From: Marcus Brinkmann
Subject: Re: Hurdish applications for persistence
Date: Thu, 13 Oct 2005 11:32:01 +0200
User-agent: Wanderlust/2.14.0 (Africa) SEMI/1.14.6 (Maruoka) FLIM/1.14.7 (Sanjō) APEL/10.6 Emacs/21.4 (i386-pc-linux-gnu) MULE/5.0 (SAKAKI)

At Thu, 13 Oct 2005 11:15:21 +0200,
Alfred M Szmidt wrote:
> 
>    Actually, any kind of security would already be good enough for me.
> 
> Then why not `not use chroot(), and use sub-hurd'?

Why not use a second machine?  As I said previously, I want security
while sharing selectively.

>    I read your other mail in response to mine.  I see many claims in
>    it, but no arguments.  Thus, I can't response beyond what I already
>    said on the issue, which I won't repeat.
> 
> I don't see any claims in my messages.  Maybe you should reread it,
> and the previous ones.

One of the claims is that chroot() is insecure.  But it's not chroot()
that's insecure in todays systems, it's the rest of the system that
is.

In fact, this goes double for the Hurd: The chroot() itself works.
Shadow parents on directory capabilities work.  It's the rest of the
system that leaks the authority, not the reparented directory.
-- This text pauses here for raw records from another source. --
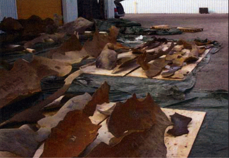 The upstream and downstream fracture arrests were cut off the ends of the pipe and retained for further examination. More than 40 pieces of pipe were also collected (see Photo 4).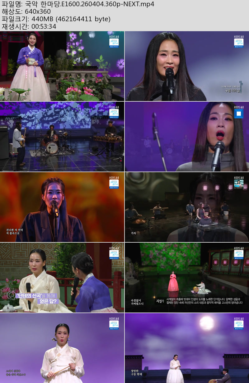 방송/동영상 국악 한마당 E1600 국악 한마당.E1600.260404.360p-NEXT 우야쓰꼬 2026.04.24 4,596 440.8M 다운로드 1개 파일 국악 한마당.E1600.260404.360p-NEXT.mp4 440.8M 다운 추천 268 북마크 공유 목록 Tags 국악 한마당 E1600 NEXT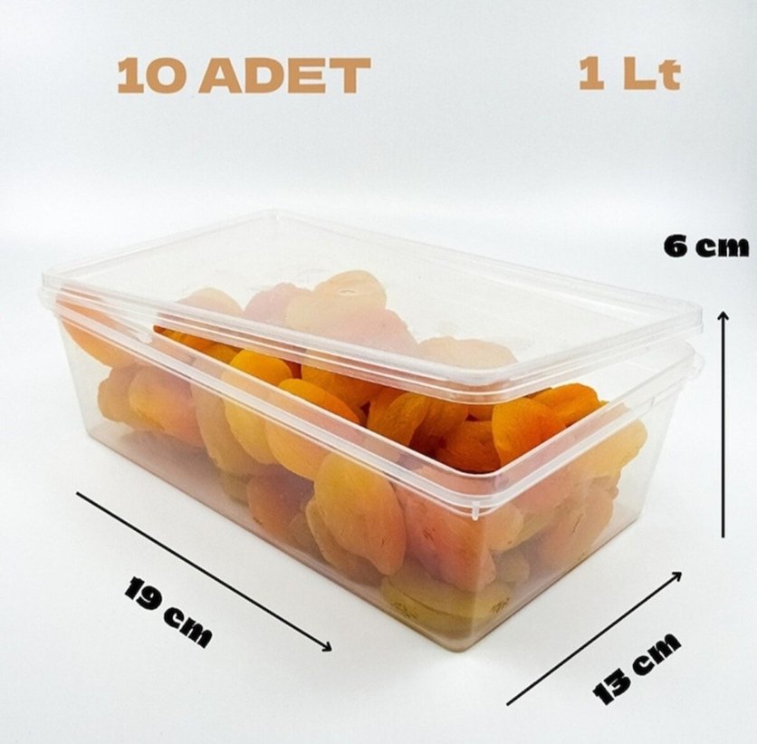 10 adet, 19x11 cm ölçülerinde, şeffaf kapaklı yiyecek saklama kapları seti.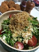 カリカリじゃこがけさっぱり豆腐サラダ 超時短シンプルレシピ de 絶品おもてなしサラダ*胡麻の香りいっぱいの香ばしカリカリじゃこと豆腐と水菜のコラボ* 材料 (3人分) 豆腐...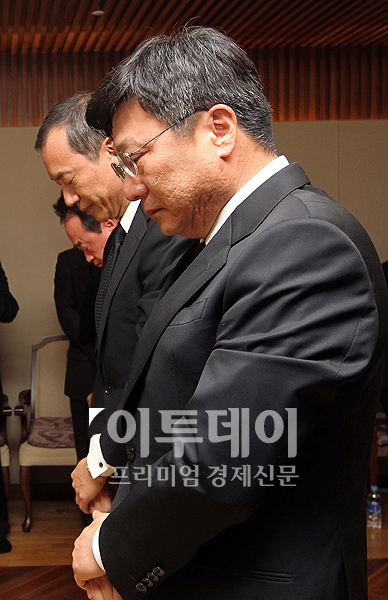 박정희 대통령의 아들 박지만씨와 최치훈 삼성카드 사장이 14일 오전 故 박태준 포스코 명예회장의 빈소가 차려진 서울 신촌 세브란스 장례식장을 찾아 조문을 하고 있다. 임영무 기자 darkroom519@

This is not a play with words.  I am not trying to have a discussion
about chroot().  I am trying to have a discussion about the rest of
the system.  You keep ignoring that topic.  The best you can offer is
to use a completely different system, which works, and often is an
acceptable solution on purely practical terms, but offers no insight
whatsoever into the question how to be secure _and_ share.